I was lunching with a friend and noticed it was difficult to twiddle my fork.  Answer : just clumsy.

Then I noticed that my left hand shook.   I convinced myself  that it happened specifically when I was hungry.  Answer : I have always suffered from the (probably) non medical condition of ‘hollow legs’ (being constantly hungry).  So the shaking was affectionately referred to as being ‘borderline hyperglycaemic’ (as in needing to eat immediately), an excuse for a bar of chocolate?!

NB I must point out that I am not medically trained (you may be surprised by that fact).  I would like to apologise to any ‘hollow leg’ sufferers, or suffers of ‘hyperglycaemia’, borderline or otherwise.
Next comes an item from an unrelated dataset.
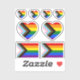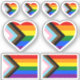Pegatinas: La bandera arcoiris y la variación "Progreso" agrega un chevron a lo largo del hoist que presenta rayas negras, marrones, azul claro, rosas y blancas para llevar a esas comunidades (personas marginadas de color, transexuales, y personas que viven con VIH/SIDA y los que se han perdido) al frente; "la flecha señala a la derecha para mostrar el movimiento hacia adelante, mientras que estar a lo largo del borde izquierdo muestra que aún se necesita avanzar.
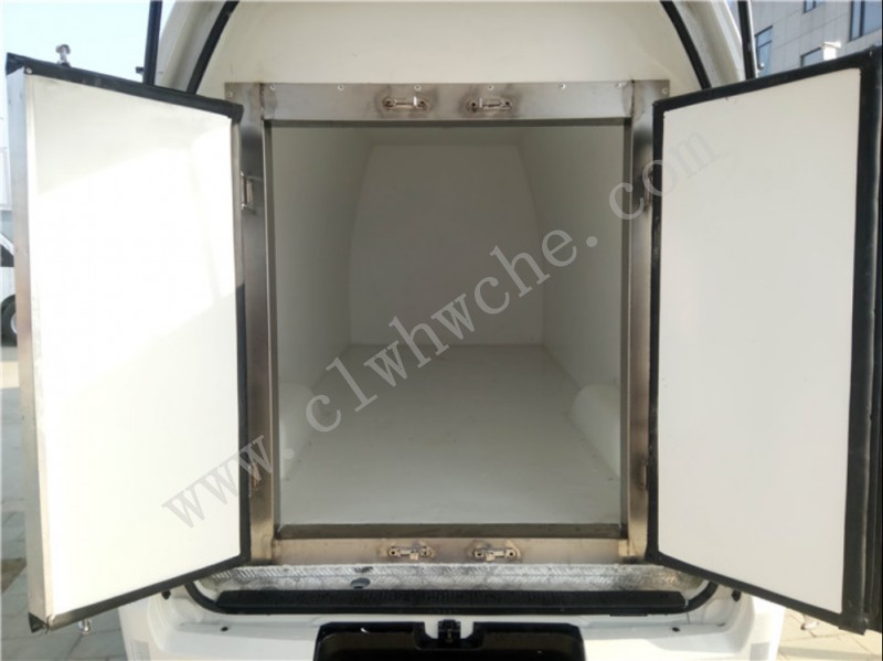 廂體內景6:醫療廢物轉運車專用全不銹鋼廂體材料,尾部設計兩道門,門中門。

Tap dancing (yes, really) became very difficult.  I would regularly say after a class that it was definitely more of a mind work out.  My left leg seemed to be ignoring instructions.

All of these things were ignorable.

  • April 2012.  A new symptom appeared, which was annoyingly UNignorable (more of a) prod and raised voice, than a whisper.

Whilst typing the final essays for my degree (yes, really), my left hand stopped typing.  This was now annoyingly UNignorable.

I just knew it wasn’t physical.  I had been able to touch type for about 25 years and I just knew something wasn’t right.  Trying to explain to people that my left hand wouldn’t listen to my brain seemed a ridiculous thing to say

I now got assertive.

I was lucky enough to have private healthcare, so this sped me through my appointments.  So I don’t bore you I will do the same with this part of the blog.

First suggested diagnosis was a trapped nerve in my neck.  I had Physiotherapy for 6 months.  My left arm would tremor and would move awkwardly.  The symptom was changeable and some weeks we appeared to be making progress as it seemed to have improved and then next week it seemed to be worse.  Shaking and movement would also change during the treatment.

As no improvement after 6 months I was referred to a Neurosurgeon.   After the consultation and MRI scan.  The Neurosurgeon said it definitely wasn’t a trapped nerve and thankfully the MRI scan was clear.

November 2012 : As no diagnosis and I was worried, the Neurosurgeon referred me to a Neurologist.

The Neurologist put me through some surprisingly unscientific tests.

  • Sitting on the edge of the couch, arms outstretched, he asked me to subtract 7 from 100, with my eyes shut.  I was briefly concerned.  Diagnosis based on primary school maths didn’t appear very scientific.  He reassured me he wasn’t testing my maths but whether my arm shook when concentrating – it did.
  • Walking across the hallway, he said was I aware I dragged my left foot – I wasn’t.
  • Then the final test, and this was the big one, the almost conclusive one.  You may think, blood tests, electrodes, swabs, special super duper computer analysis – no.  It was what I affectionately call the ‘tweety bird’ test.  Where I hold up my hands and move quickly my thumb and first finger to demonstrate a tweeting bird shadow puppet.    My right hand was fine.  However, my left hand had problems.

He said there was no need for any other tests (there is another scan but he was so sure of his diagnosis it was unnecessary).

My Neurologist leant forward in his chair, and said directly :

‘You have Parkinson’s Disease’.

He immediately followed this by reassuring me that I was not alone, he would be my Consultant and I would have a Parkinson’s Nurse.  He also said there are medications to allow me to live an active life.

My initial thoughts may surprise some people …. Relief.

  • Relief it wasn’t an inoperable brain tumour.
  • Relief that someone finally believed me.
  • Relief it had a name.
  • Relief that I could now, after months of faffing, finally do something about it.

The Neurologist offered me medication there and then.  However, as I have always avoided even Paracetamol I said no.  And actually the symptoms, although annoyingly unignorable, at that time, weren’t actually stopping me doing anything.

In that moment I can honestly say my life and outlook on everything changed, and actually it might surprise some people, that although in lots of ways for the worse, in some ways for the better.